For its part, Microsoft’s research arm is granting the thirteen teams selected (more detail about their projects here) free access to the Windows Azure platform for two years for storage, hosting and web application management.
Moreover, Micosoft is also donating some of its own researchers to help guide and aid in the selected projects.
Improving Technical Computing for the Non-IT-Expert
In an opinion piece about the NSF/Microsoft partnership, Microsoft’s corporate VP for the eXtreme Computing Group and Technology Strategy and Policy, Dan Reed stated that this effort goes beyond mere access or granting of cloud resources.
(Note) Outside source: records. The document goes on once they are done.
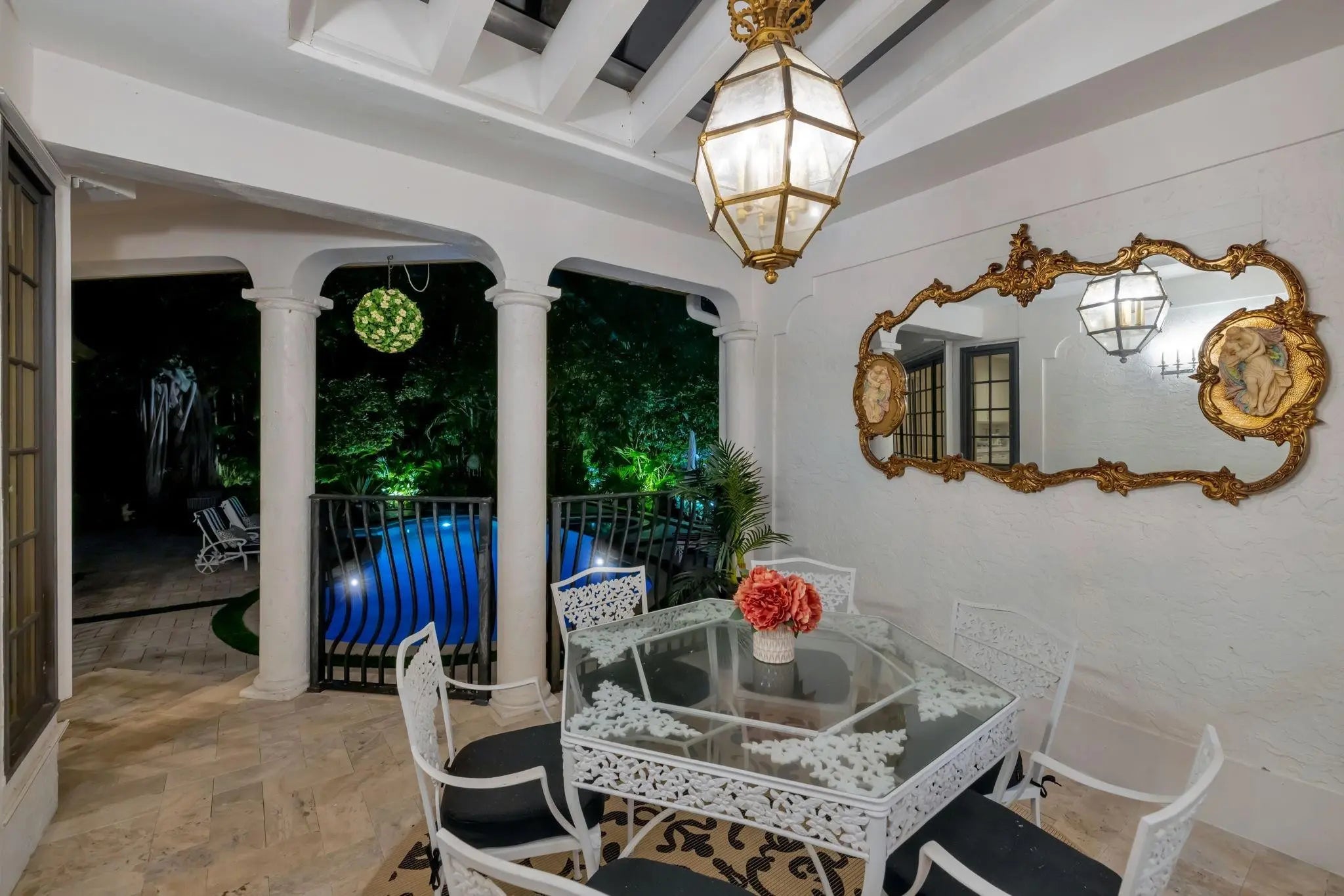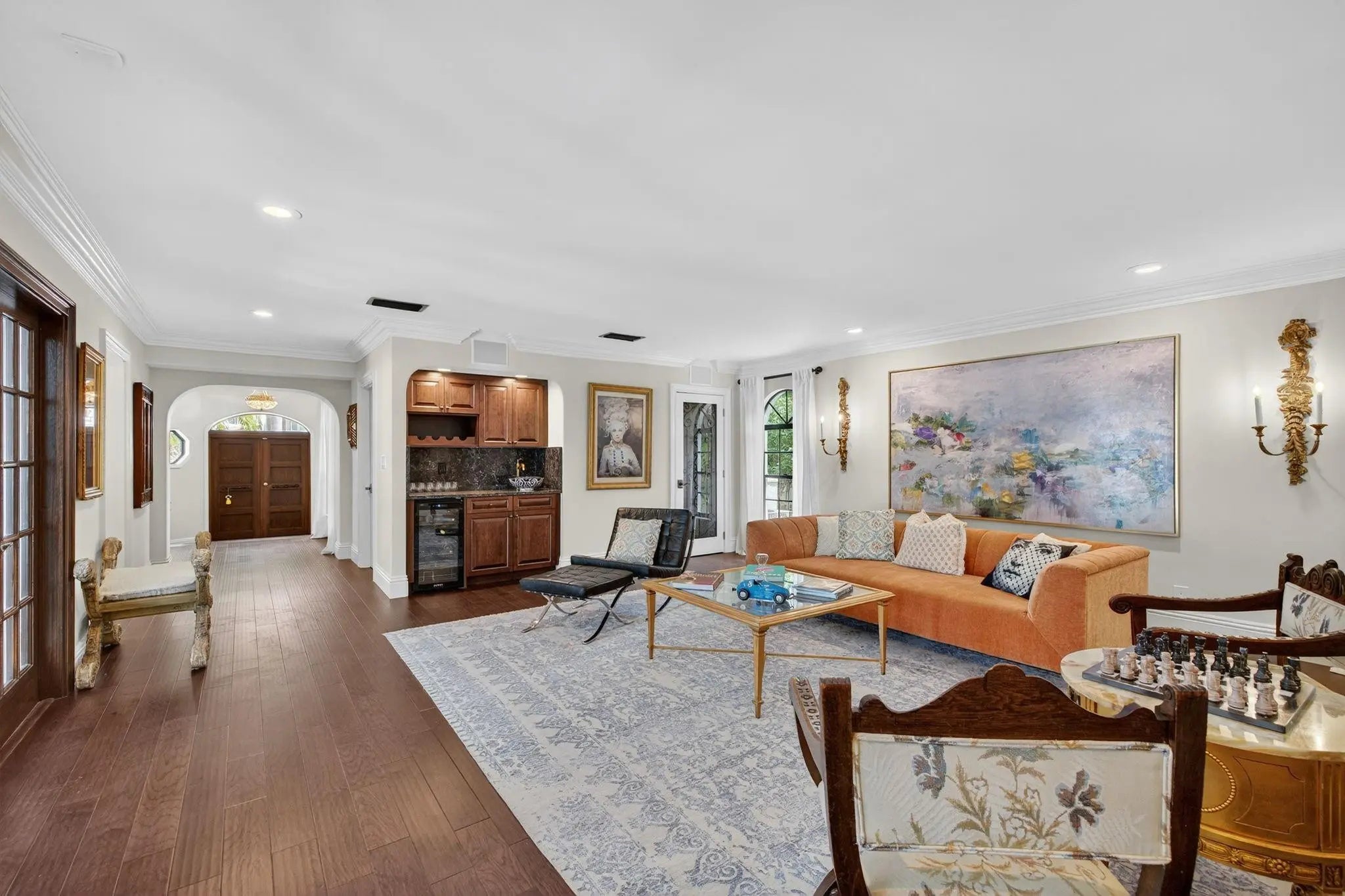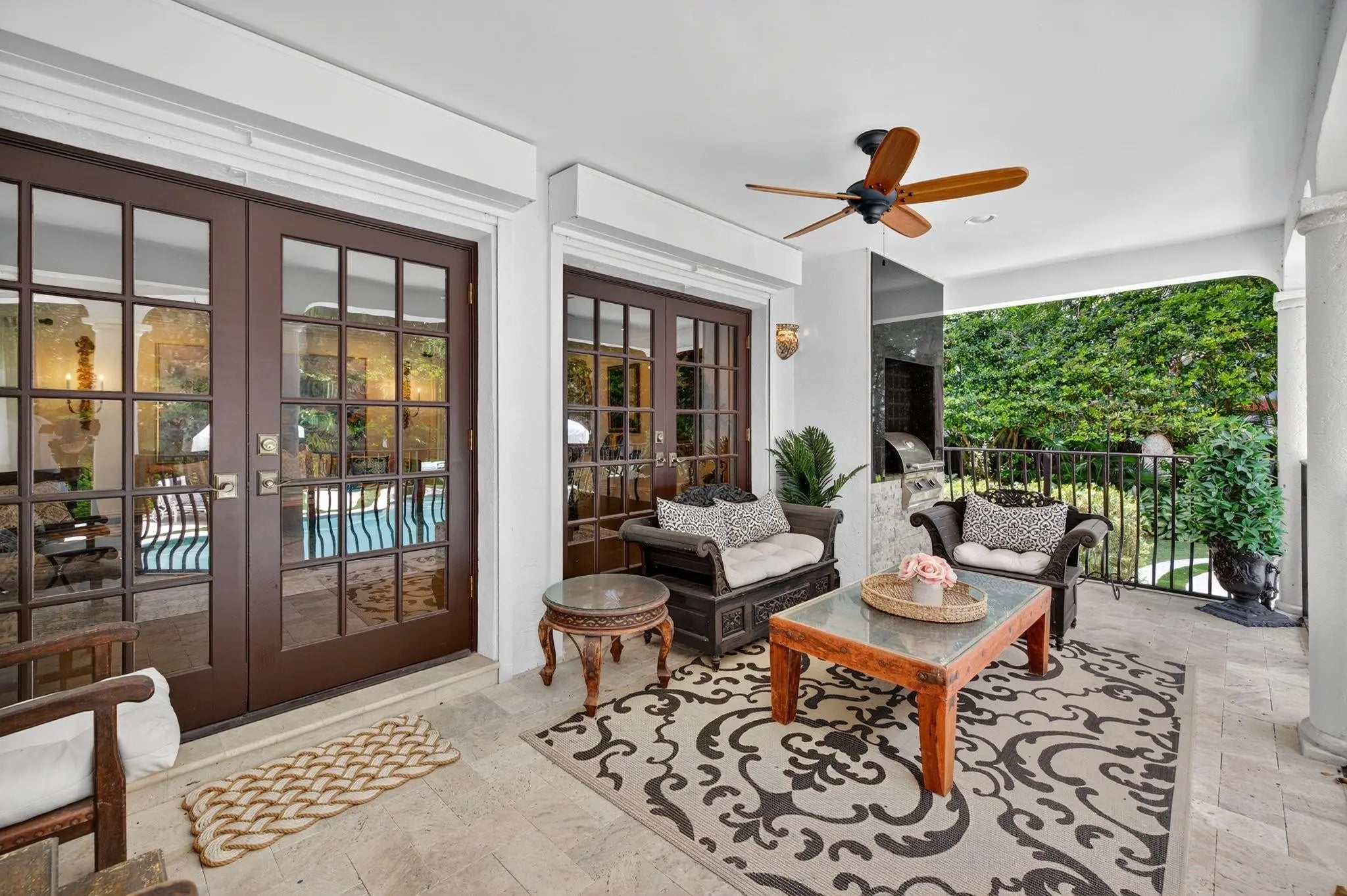 Palm Beach inspiration provides charm and elegance to this professionally designed and decorated tri level residence. 1974 expansion and 2024 renovation. Villa Acacia occupies double 15,000sf tropically landscaped property. Walled and gated for privacy and security in patrolled Idlewyld. Stunning retreat with exceptional entertaining flow. Formal living room with fireplace, wine cellar, wet bar and access to expansive covered terrace and summer kitchen. Guest bath, chef's kitchen with breakfast area, formal dining room and TV living room with beams access second terrace. Split bedroom plan offers privacy to primary suite with sitting area, spa styled bath and custom closet. Two additional bedroom suites. Resort style pool and lawn area must be seen. Selected furnishings are negotiable. * Imported Spanish tiles in foyer* Reverse osmosis water filtration* Temperature controlled wine room* Three separate air conditioners* Two tankless water heaters* Generator & EV Charger* Wood Floors Throughout* Heated Salt Water Pool* High beamed ceilings & authentic light fixtures* Primary suite has private balcony* Remote controlled electronic gate* Owner has plans for second floor addition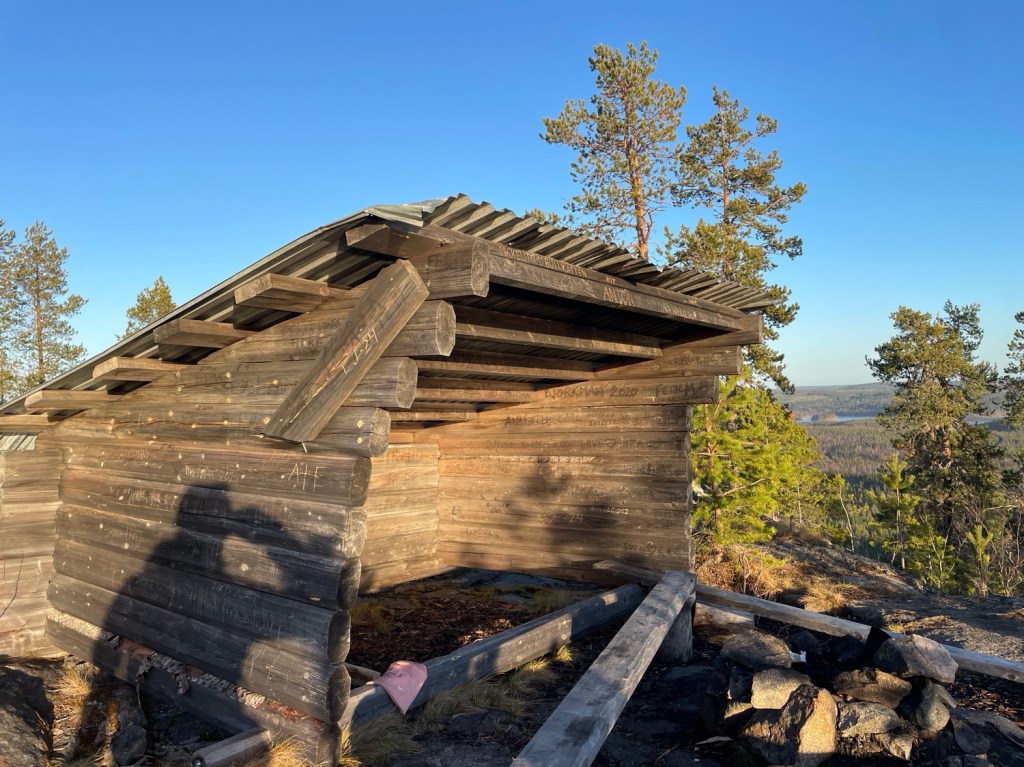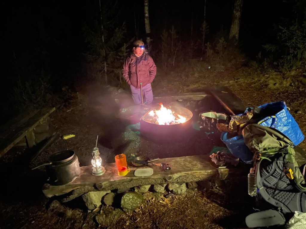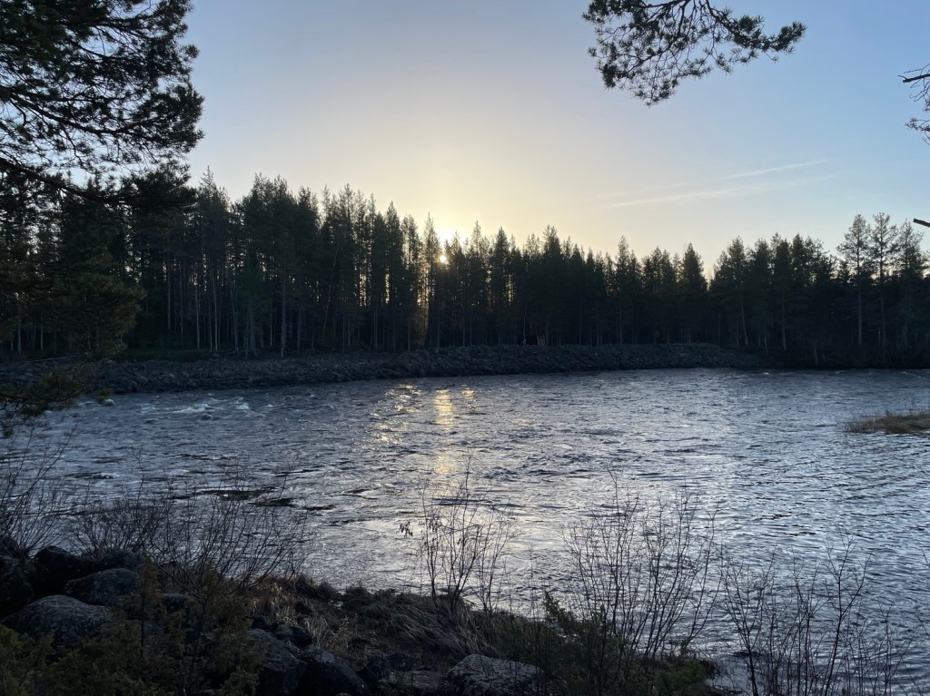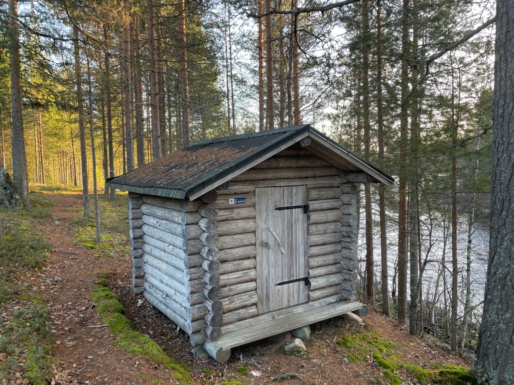 Denna helg skulle ett evenemang i Facebookgruppen Vandringsvänner gå av stapeln. Vi var tre deltagare till detta evenemang. Platsen var Långforsen strax norr om Niemisel i Luleå Kommun. Jag blev försenad då det drog över på jobbet så jag kom en halvtimme senare än planerat men de två andra var redan där. Roland körde dit redan vid lunchtid och Anne kom före mig. Dagen bjöd på soligt väder. Vi satte igång med middagsmaten som vi lagade över öppen eld. Eldplatsen var ny. Det finns en stuga för övernattning, en bastu, dass och ett tomt vedförråd. Det fanns ved vid parkeringen. Platsen ligger nära Råne älven.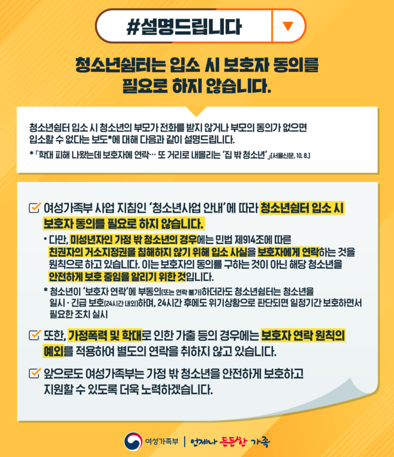 청소년쉼터 입소 시 청소년의 부모가 전화를 받지 않거나 부모의 동의가 없으면 입소할 수 없다는 보도*에 대해 다음과 같이 설명드립니다.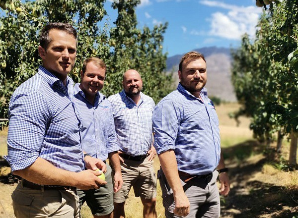 Good Hope Fruit 的出口经理们在Abate Fetel果园内:Marnus Schoeman, Melt van Schoor, Anroux Smit and Jan Ras van der Linde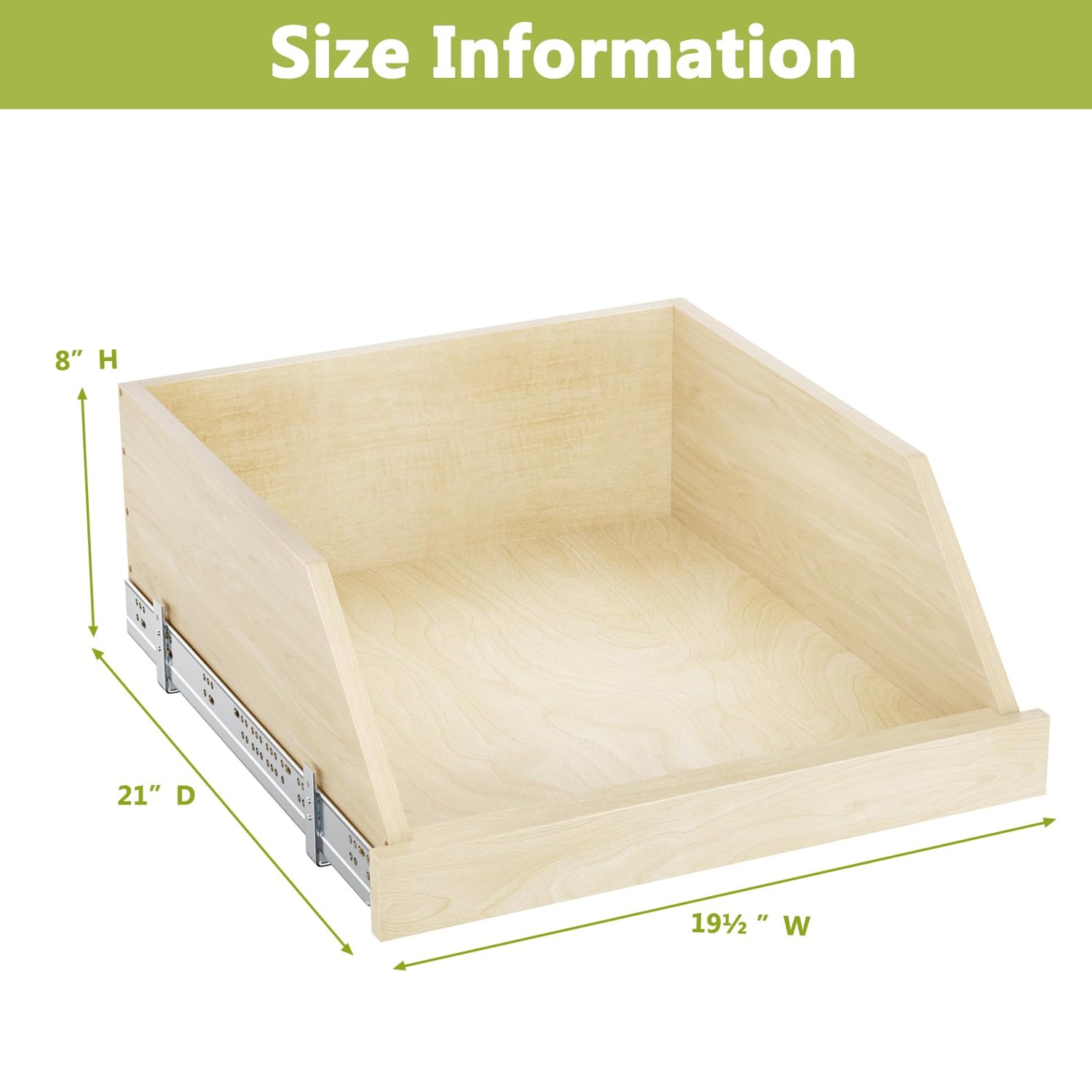 ROOMTEC Pull Out Cabinet Organizer with Full Extension Rail Slides, Wooden Pull Out Shelf for Kitchen Cabinet, Beveled 8" High Pull Out Drawer Storage Organizer with U Bracket, 19½"W×21"D, Soft Close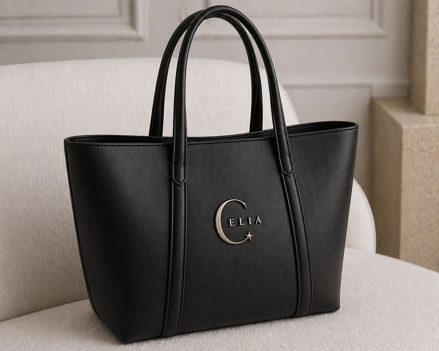 Le similicuir premium tient la route au quotidien. Le logo métallique doré fait toute la différence — ces détails qu'on remarque sans savoir pourquoi.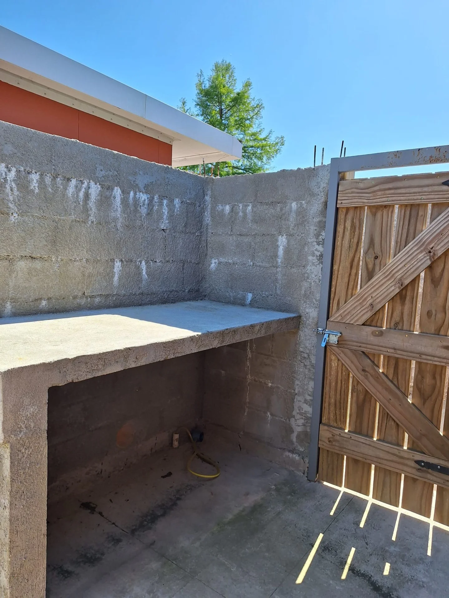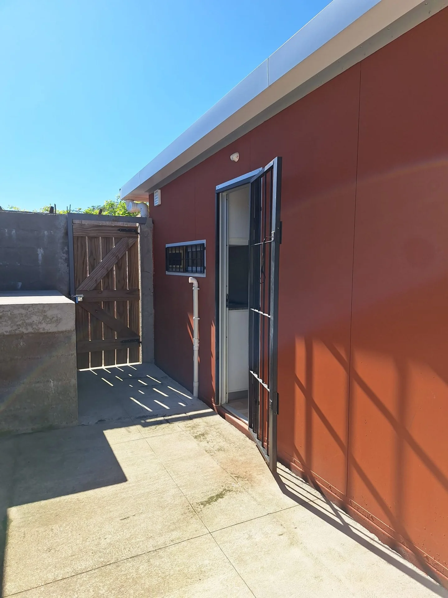 Está totalmente independiente, con separación de las otras unidades, cercada por muros y portones.

He says that this arrangement “between academic and Microsoft researchers, creation and release of easy-to-use client tools, and an exploration of the new world of massive data are all key elements of our shared journey to a new model of data-rich analysis enabled by powerful client tools and cloud services.”
Reed continued by addressing the idea that successful technology eventually becomes invisible in that it allows research to occur without researchers having to delve deeply into the technical elements. In short, a successful technology will let researchers focus on their area of interest—permitting freedom from the burden of the tech behind their processes. He feels that “technical computing can and should be an invisible intellectual amplifier, as easy to use as any other successful consumer technology.”
Microsoft’s strategy around its technical computing initiative parallels their approach to making technology “invisible” for consumers over the years. We use Microsoft Word, Excel, PowerPoint—basic office tools that belie remarkable sophistication and years of effort. However, when a user opens a window, the technology “just works” which means they can go about their mission—be it research, word processing or sharing information in the form of a spreadsheet.
By carrying over their key to consumer success—making this layer of complexity invisible—the company’s technical computing drive is, for the user anyway, supposed to be anything but technical. Microsoft in both its Azure cloud push and consumer-driven projects that increasingly are “all in” cloud-wise are pushing this invisibility factor. The question is whether or not this ease of use factor, when it is also at the heart of everyone’s rocket to the clouds, is going to differentiate them enough this time around.
They are certainly trying, however. Microsoft is clamoring for the top position in the cloud market, both on the consumer and research sides. Just last week the company’s president announced that 90% of their research budget will be sent to improving cloud technologies. To put this in some perspective, their R&D budget this year is just over $9.6 billion—yes, billion. If this kind of exponential figure is right, Microsoft is going to be pumping an incredible $8.6 billion into cloud computing this year.